[Date Prev][Date Next][Thread Prev][Thread Next][Date Index][Thread Index]

[idn] ACE37,AMCW and LDUDE



I compared ACE37 with my LDUDE (reordered DUDE).

LDUDE's reordering mapping tables  are tuned to produce
as many single-quintet-XOR- diff values as possible
based on character & adjacency statistics.

If we apply reordering to ACE37, we can improve ACE37.

However, if reordering applied to ACE37 become MOST successful,
ACE37 should support  single quintet XOR difference when encoding,
that ACE37 does not support now.

Reordering  already statistically  guarantees XOR diff values less than
0x1000 for Han, by mapping most frequent 4096 han letters into 4096
codes block starting from 0x5000. Most freq 4096 han letters
( in about 23000 han letters  )  have cumulative frequency sum
of 99.9% in typical chinese texts and business names.
(for top 256, 58% )

LDUDE compresses the next 25 letters of Japanese strings down to 47
chars of ACE labels, 10 chars shorter than that of AMCW and ACE37.

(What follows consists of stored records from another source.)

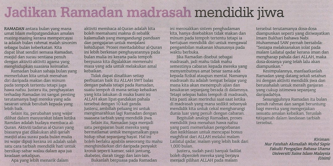 - SINAR HARIAN - JADIKAN RAMADAN MADRASAH MENDIDIK JIWA, 7 JUN 2017, MS 6 (KAMPUS).jpg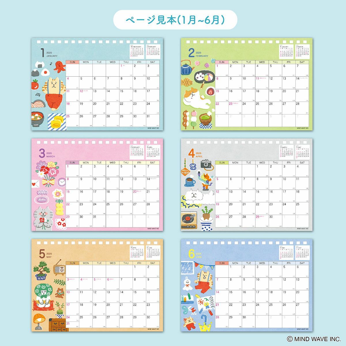 日本MINDWAVE最有人氣三明星角色的三角桌曆,2026年度新登場。包裝尺寸143x188x13mm。上質紙材質共13頁(封面+12個月)。18孔雙環裝。日本MINDWAVE出品,日本製。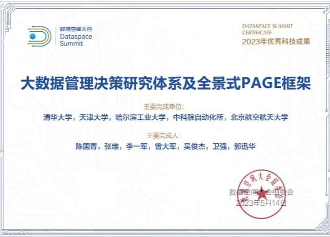 其中,由清华经管学院管理科学与工程系教授陈国青、卫强和郭迅华等承担的“大数据管理决策研究体系及全景式PAGE框架”获得优秀科技成果奖,该成果是面向大数据管理决策研究的体系性和方向性框架,对中国开展相关研究提供了方向引领和集成架构,也列入国家自然科学基金委“大数据驱动的管理与决策研究”重大研究计划项目指南,发挥了顶层设计、整体布局、项目部署等关键作用。

JP1) Japanese String 1: ( 25 letters )
      U+793E U+56E3 U+6CD5 U+4EBA U+65E5 U+672C U+30CD U+30C3 U+30C8
      U+30EF U+30FC U+30AF U+30A4 U+30F3 U+30D5 U+30A9 U+30E1 U+30FC
      U+30B7 U+30E7 U+30F3 U+30BB U+30F3 U+30BF U+30FC

      DUDE-02 : z3xQu97Pv4vGuuyRu5xRu6Jxz8BQMuHtDxDMxHuGzNwItPwMxAtE\
                wIwIwNwD  (60 chars)
      LDUDE   : xs8Nu2Cu4RvMGBysxGyCKtHtQCPFtAyPyKtPBGPyAyAyFyR
                ( 47 chars, 21.6% shorter)
      AMCW    : z3vQ28DDyxs5KB9fCjnvs6P6DI8R9N4RE9D7F4J8B9N5H8H9D5M9\
                D5R9N ( 57 chars )
      LAMCW   : xs2NwsQu4B3KNPvs6M4JD5E4KIFA5A7P5H4KMPA6A4A6F4K
                ( 47 chars )

      ACE37: i9urut6hm8jfaqv0m9dv1wewbx7wjyjwbynx6zsy8wtybygwky8y8ycy3
                (57 char)

     JP3) Japanese String 3: ( 17 letters )
      U+6771 U+4EAC U+90FD U+60C5 U+5831 U+30B5 U+30FC U+30D3 U+30B9
      U+7523 U+696D U+5065 U+5EB7 U+4FDD U+967A U+7D44 U+5408

      DUDE-02 : yztBu37P78xB9svIv29Ey22EwJuRyKwx3Kt6wQv3sI87CttyK734\
                H85vQu3wN (61 chars)
      LDUDE   : xttHxPvtFu9CDyssAyEyHyRys9PxQ4KHGEu4CuwJ
                ( 40 chars, 34.4% shorter)
      AMCW    : z3vQ28DDyxs5KB9fCjnvs6P6DI8R9N4RE9D7F4J8B9N5H8H9D5M9\
                D5R9N ( 57 chars )
      LAMCW   : xs2NwsQu4B3KNPvs6M4JD5E4KIFA5A7P5H4KMPA6A4A6F4K
                ( 47 chars )

      ACE37: drhaetvihk1o67ka44y9xfzahcqv2e6883micbaud7apuqac (48 char)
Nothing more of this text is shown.